Below, some lines carry pictures; leave those pictures out and retype exactly the lines from the one with "Vyberte si z" through the one with "إعلان للتوظيف المديرية".

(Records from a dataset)
BEGIN
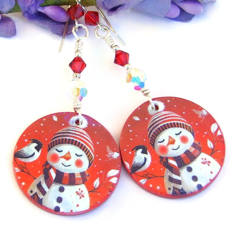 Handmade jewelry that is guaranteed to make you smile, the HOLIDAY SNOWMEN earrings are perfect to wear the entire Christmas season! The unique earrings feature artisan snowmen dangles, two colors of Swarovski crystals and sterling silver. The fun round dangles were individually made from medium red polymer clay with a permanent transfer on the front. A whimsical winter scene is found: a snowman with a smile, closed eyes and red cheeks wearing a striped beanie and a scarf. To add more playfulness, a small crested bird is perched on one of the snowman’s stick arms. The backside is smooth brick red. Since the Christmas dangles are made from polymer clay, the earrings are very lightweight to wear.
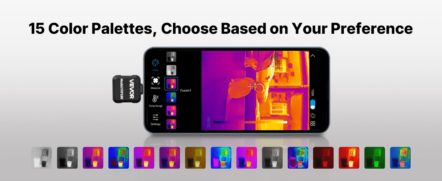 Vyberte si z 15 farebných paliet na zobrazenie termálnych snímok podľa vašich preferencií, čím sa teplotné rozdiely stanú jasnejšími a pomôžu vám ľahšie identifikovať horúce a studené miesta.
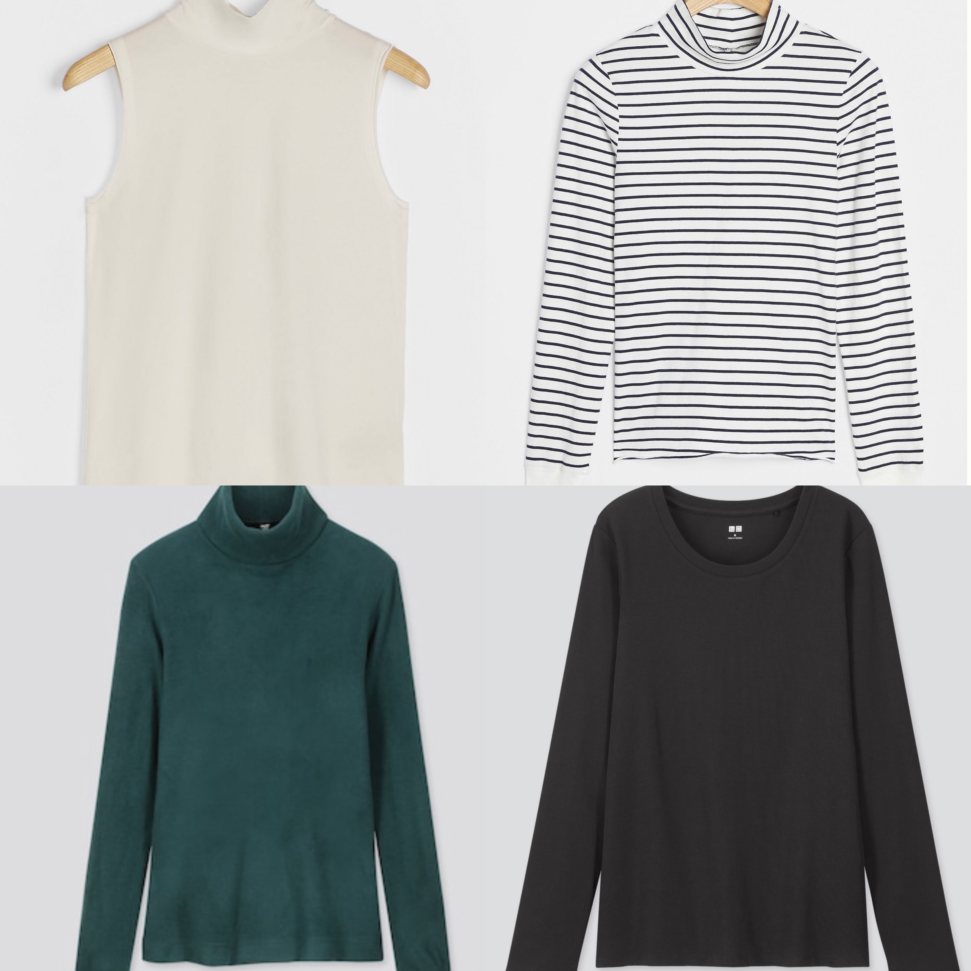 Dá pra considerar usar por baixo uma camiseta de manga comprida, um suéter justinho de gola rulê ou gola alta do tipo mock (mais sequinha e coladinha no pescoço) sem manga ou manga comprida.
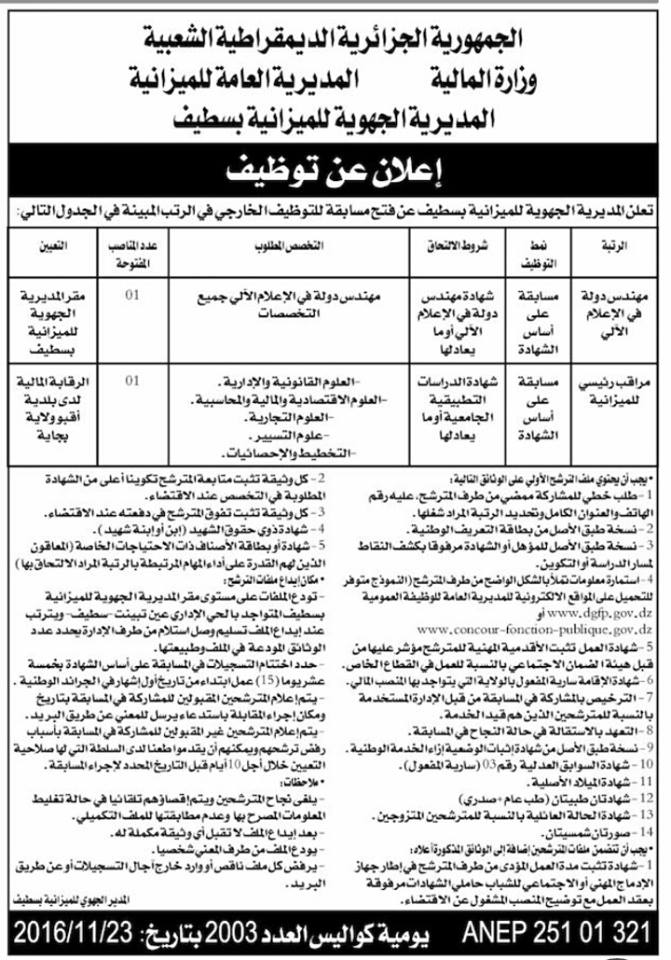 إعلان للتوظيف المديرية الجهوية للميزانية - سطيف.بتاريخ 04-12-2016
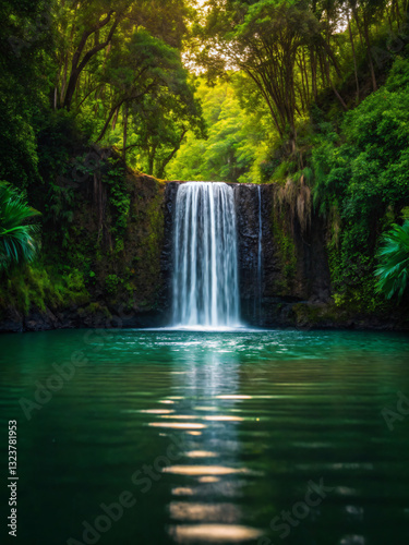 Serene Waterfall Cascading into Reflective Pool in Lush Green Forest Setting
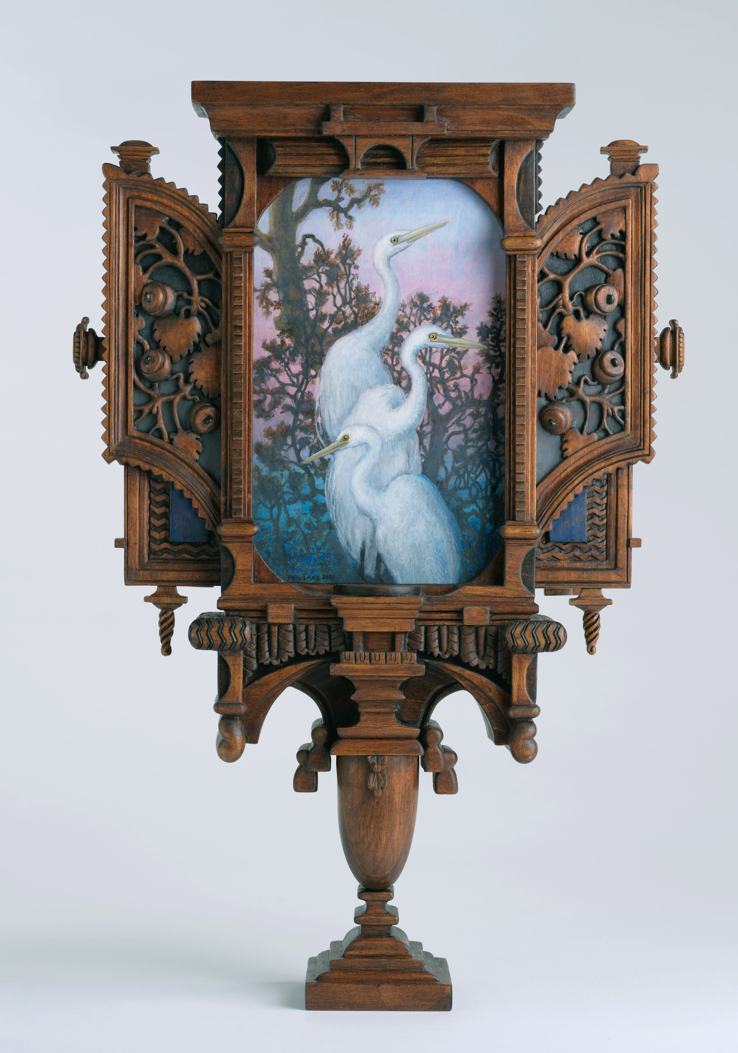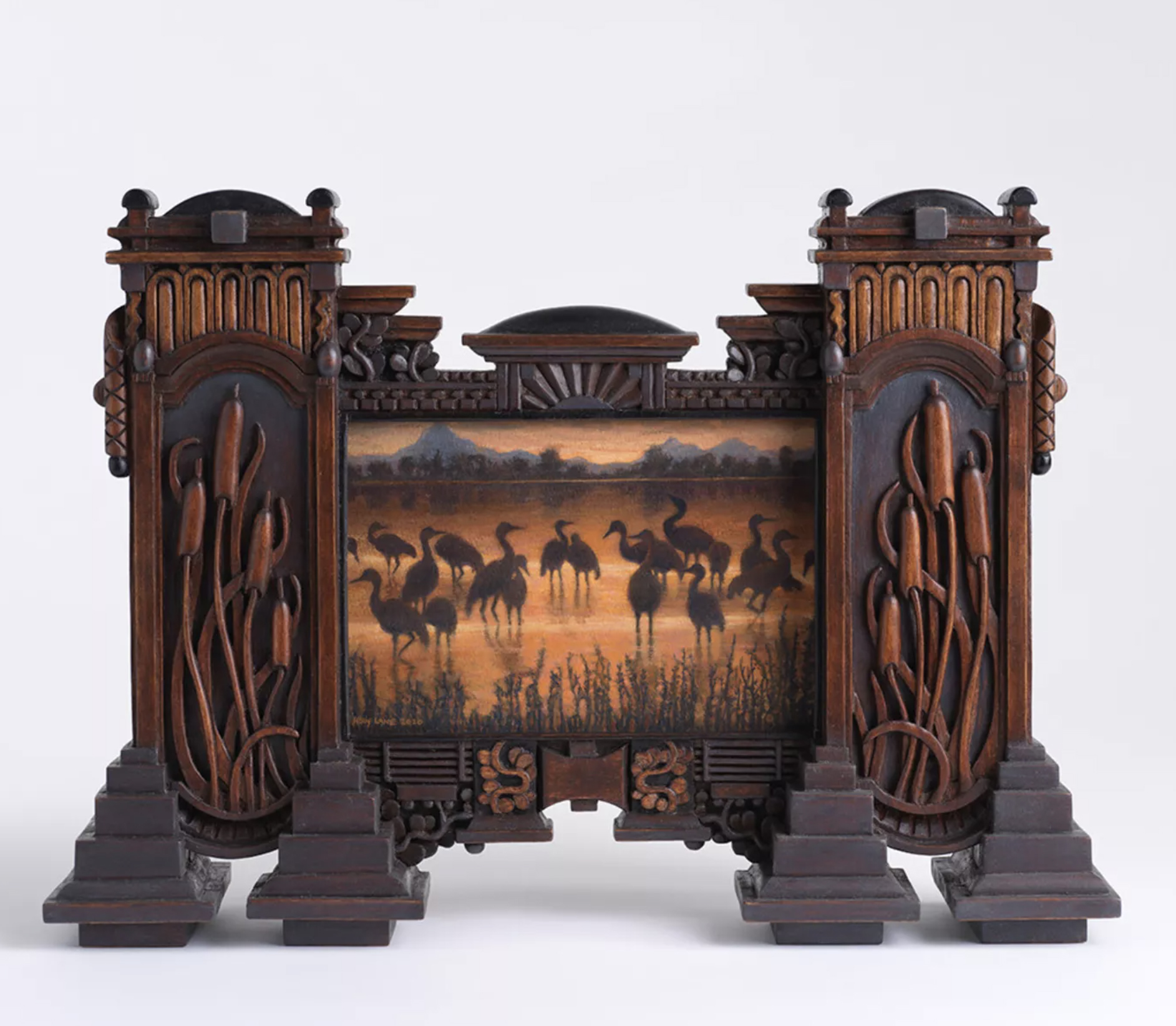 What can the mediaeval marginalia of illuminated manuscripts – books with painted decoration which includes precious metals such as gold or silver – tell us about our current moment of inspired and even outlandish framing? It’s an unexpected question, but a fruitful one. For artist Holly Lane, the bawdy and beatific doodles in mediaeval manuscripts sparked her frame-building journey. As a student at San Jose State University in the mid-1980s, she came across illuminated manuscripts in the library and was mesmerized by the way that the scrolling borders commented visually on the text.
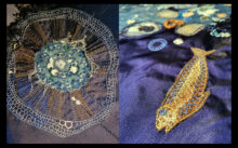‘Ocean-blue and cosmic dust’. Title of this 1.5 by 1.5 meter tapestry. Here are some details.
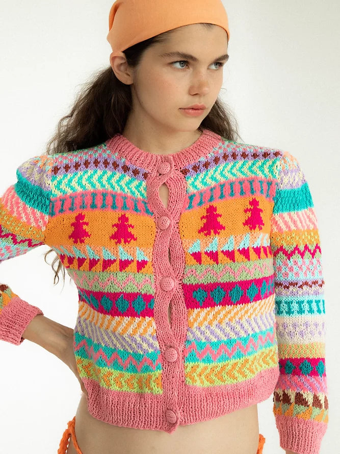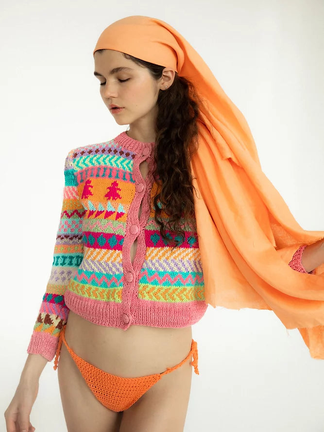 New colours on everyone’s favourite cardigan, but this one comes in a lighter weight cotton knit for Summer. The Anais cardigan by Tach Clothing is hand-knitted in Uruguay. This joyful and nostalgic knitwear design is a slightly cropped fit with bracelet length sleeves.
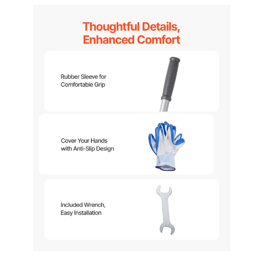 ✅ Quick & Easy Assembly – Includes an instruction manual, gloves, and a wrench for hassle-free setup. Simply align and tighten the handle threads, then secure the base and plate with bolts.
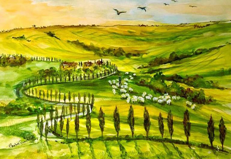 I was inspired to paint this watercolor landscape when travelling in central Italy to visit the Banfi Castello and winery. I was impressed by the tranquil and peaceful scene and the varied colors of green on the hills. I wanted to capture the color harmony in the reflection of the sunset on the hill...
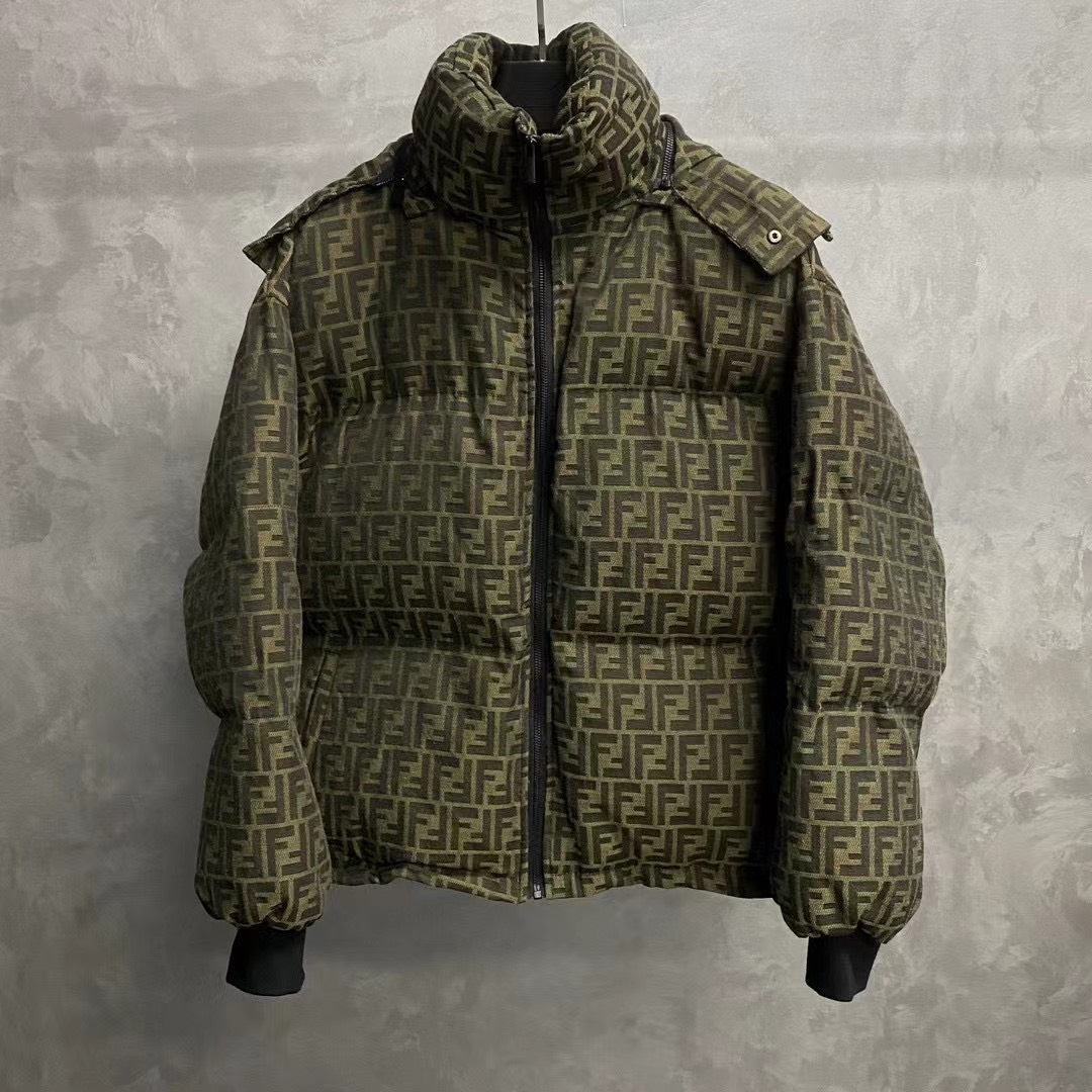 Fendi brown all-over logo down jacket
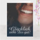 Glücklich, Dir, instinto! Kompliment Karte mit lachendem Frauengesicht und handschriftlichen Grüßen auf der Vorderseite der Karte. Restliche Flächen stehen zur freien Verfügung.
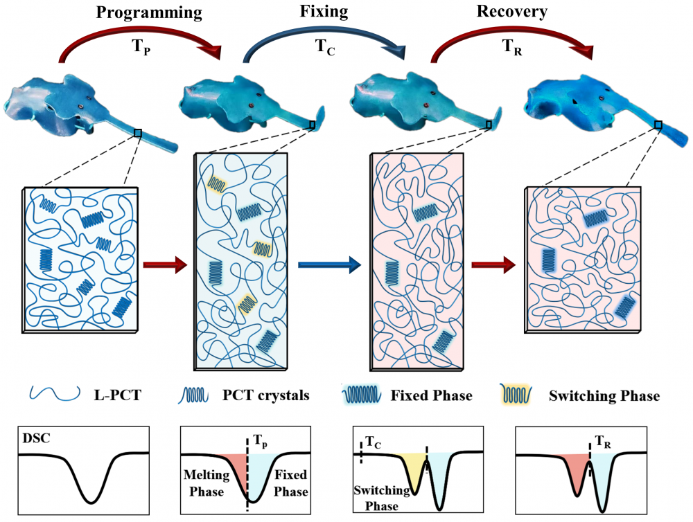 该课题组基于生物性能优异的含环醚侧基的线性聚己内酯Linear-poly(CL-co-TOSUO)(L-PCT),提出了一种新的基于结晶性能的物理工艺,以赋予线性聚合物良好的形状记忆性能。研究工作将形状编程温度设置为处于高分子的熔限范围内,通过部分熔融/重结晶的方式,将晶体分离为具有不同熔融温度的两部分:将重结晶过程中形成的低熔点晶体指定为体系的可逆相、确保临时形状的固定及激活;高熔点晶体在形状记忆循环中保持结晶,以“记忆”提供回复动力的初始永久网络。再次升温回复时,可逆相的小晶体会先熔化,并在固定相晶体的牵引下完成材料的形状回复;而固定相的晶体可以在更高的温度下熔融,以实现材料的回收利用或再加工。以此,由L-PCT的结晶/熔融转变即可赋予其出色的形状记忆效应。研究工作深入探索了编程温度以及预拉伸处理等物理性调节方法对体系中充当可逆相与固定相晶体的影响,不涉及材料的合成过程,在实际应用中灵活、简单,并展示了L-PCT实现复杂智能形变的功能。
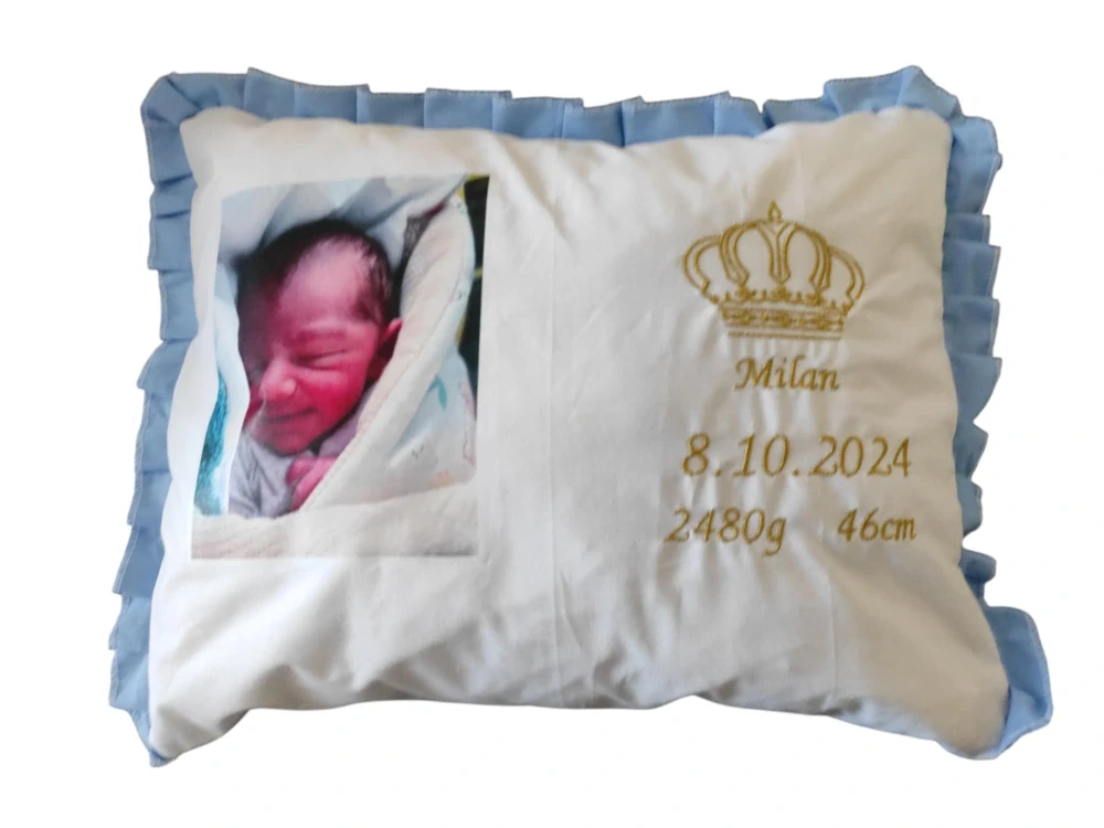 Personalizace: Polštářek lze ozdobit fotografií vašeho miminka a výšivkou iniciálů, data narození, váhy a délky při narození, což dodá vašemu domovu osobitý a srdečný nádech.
END
• Response for this exercise
 Vyberte si z 15 farebných paliet na zobrazenie termálnych snímok podľa vašich preferencií, čím sa teplotné rozdiely stanú jasnejšími a pomôžu vám ľahšie identifikovať horúce a studené miesta.
 Dá pra considerar usar por baixo uma camiseta de manga comprida, um suéter justinho de gola rulê ou gola alta do tipo mock (mais sequinha e coladinha no pescoço) sem manga ou manga comprida.
 إعلان للتوظيف المديرية الجهوية للميزانية - سطيف.بتاريخ 04-12-2016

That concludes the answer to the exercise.